HD Map Task Scheduling for Parallel Labeling and Version Control
Find Innovative SolutionsGenerate Solutions
Solution Overview
Problem
Conventional Geographic Information Systems (GIS) are inadequate for generating and updating High-Definition (HD) maps for autonomous vehicles, as they are limited to two-dimensional data, require direct network connectivity, and lack scalability and task management capabilities, making them inefficient for the precise and distributed data needs of autonomous vehicles.
Innovation Solution
A highly distributed and scalable GIS system is developed to automate the generation, revision, and distribution of HD maps, incorporating task management, access control, version control, and release management to optimize mapping throughput and quality, allowing for minimal user input and simultaneous editing by multiple users.

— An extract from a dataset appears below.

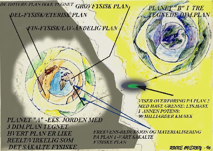VIEW OF THE UNIVERSE Surrounding the earth was a faint bluish haze, fairly dense close in, but fading our altogether after a few miles. The earth rolled on, turning lazily like a hawk wheeling slowly in the sky. The Broad One said. "You are intent (er opptatt av..) upon Earth, yet the whole of your Universe is before you. Is it not worth a glance?" It brought us to life with a start, and we looked up. Above us was utter blackness interrupted with startlingly vivid points of light. Distant planets appeared sharply round and of many different hues, while on those nearer we could distinguish features of their surface. So that we could gaze upon the sun - the Broad One caused a dark shield to cover part of the screen. We saw the sun huge and clear, and the sight struck us with terror because we thought it was on fire. Vast tongues of flame leapt from its circumference, while its surface presented itself to us as a writhing mass, freely marked with dark blobs. "We have a base on what you call the Moon, "said the Broad One. "The Moon always presents one side to the Earth. Our base is on the other side and we are going there now." The filter was swung aside and we were able to gaze upon the blindingly brilliant face of the Moon, that airless world which still contains life deep beneath its surface. We approached it at a speed, which was so fast as to be quite incomprehensible to us, but there was no sensation of speed. "You have learned much about us," said the Broad One. "Yet upon earth people are taught that we do not exist. They have to be taught so because of the religious teaching that Man is made in the Image of God, and the people of the earth think that Man is the earth human. To day admit the possibility of Man on other planet, would be to prove the various religions wrong. Again, those who hold the power of life and death over nations, dare not let it be known that there is even a greater power, for to do so would be to lessen their hold upon their enslaved people."

Engineering Contradictions & Design Principles
Engineering Contradiction Analysis
1Manufacturing precision
If conventional Geographic Information Systems (GIS) are used for map generation, then the system is simple to operate, but the manufacturing precision and data dimensionality are insufficient for autonomous vehicle requirements
Solution Approach 1:
The system segments the map generation process into multiple independent task stages (data collection, processing, validation, distribution) that can be executed separately and in parallel across different computing devices, enabling high precision without requiring a monolithic complex system
Solution Approach 2:
The system transitions from conventional 2D GIS maps to multi-dimensional HD maps incorporating 3D spatial data, sensor data layers, and temporal information, achieving higher manufacturing precision by adding dimensional complexity rather than increasing overall system complexity
2Adaptability or versatility
If conventional GIS systems require direct network connectivity to create and update maps, then data distribution is centralized, but the scalability and distribution capability are limited
Solution Approach 1:
The system segments map data into discrete task stages and distributes them across multiple independent nodes in a task graph, allowing each node to operate autonomously with local data processing capabilities, thereby enhancing distribution capability without requiring complex centralized network infrastructure
Solution Approach 2:
The system introduces task graphs and workflow orchestration as intermediaries between data sources and map consumers, enabling scalable distribution through standardized interfaces and protocols that simplify network complexity while enhancing adaptability
3Productivity
If conventional GIS systems permit only one human or machine to edit data sources at a time, then data consistency is maintained, but the productivity and mapping throughput are reduced
Solution Approach 1:
The system segments the editing process into discrete task stages with defined dependencies, allowing multiple users to work on different stages simultaneously while maintaining data consistency through stage-gated validation and version control mechanisms
Solution Approach 2:
The system implements automated feedback loops including quality assurance validation, conflict detection, and version control that monitor and maintain data consistency across parallel editing operations, enabling high productivity without sacrificing reliability
4Measurement precision
If conventional GIS systems generate maps only accurate up to tens of meters, then the device complexity is low, but the measurement precision is insufficient for autonomous vehicle navigation
Solution Approach 1:
The system transitions from 2D map representations to multi-dimensional HD maps incorporating 3D spatial coordinates, sensor data layers, and temporal dimensions, achieving centimeter-level measurement precision by utilizing additional dimensional information rather than increasing processing complexity of traditional 2D data
Data Source
AI summary
The present technology pertains to a task management system for map labeling tasks. The system can determine when one task is dependent on completion of another task and schedule those tasks accordingly. Further the system can ensure that tasks are completed with a proper priority and can track completion of these tasks. The present technology ensures sufficient work is completed to speed up map release versions.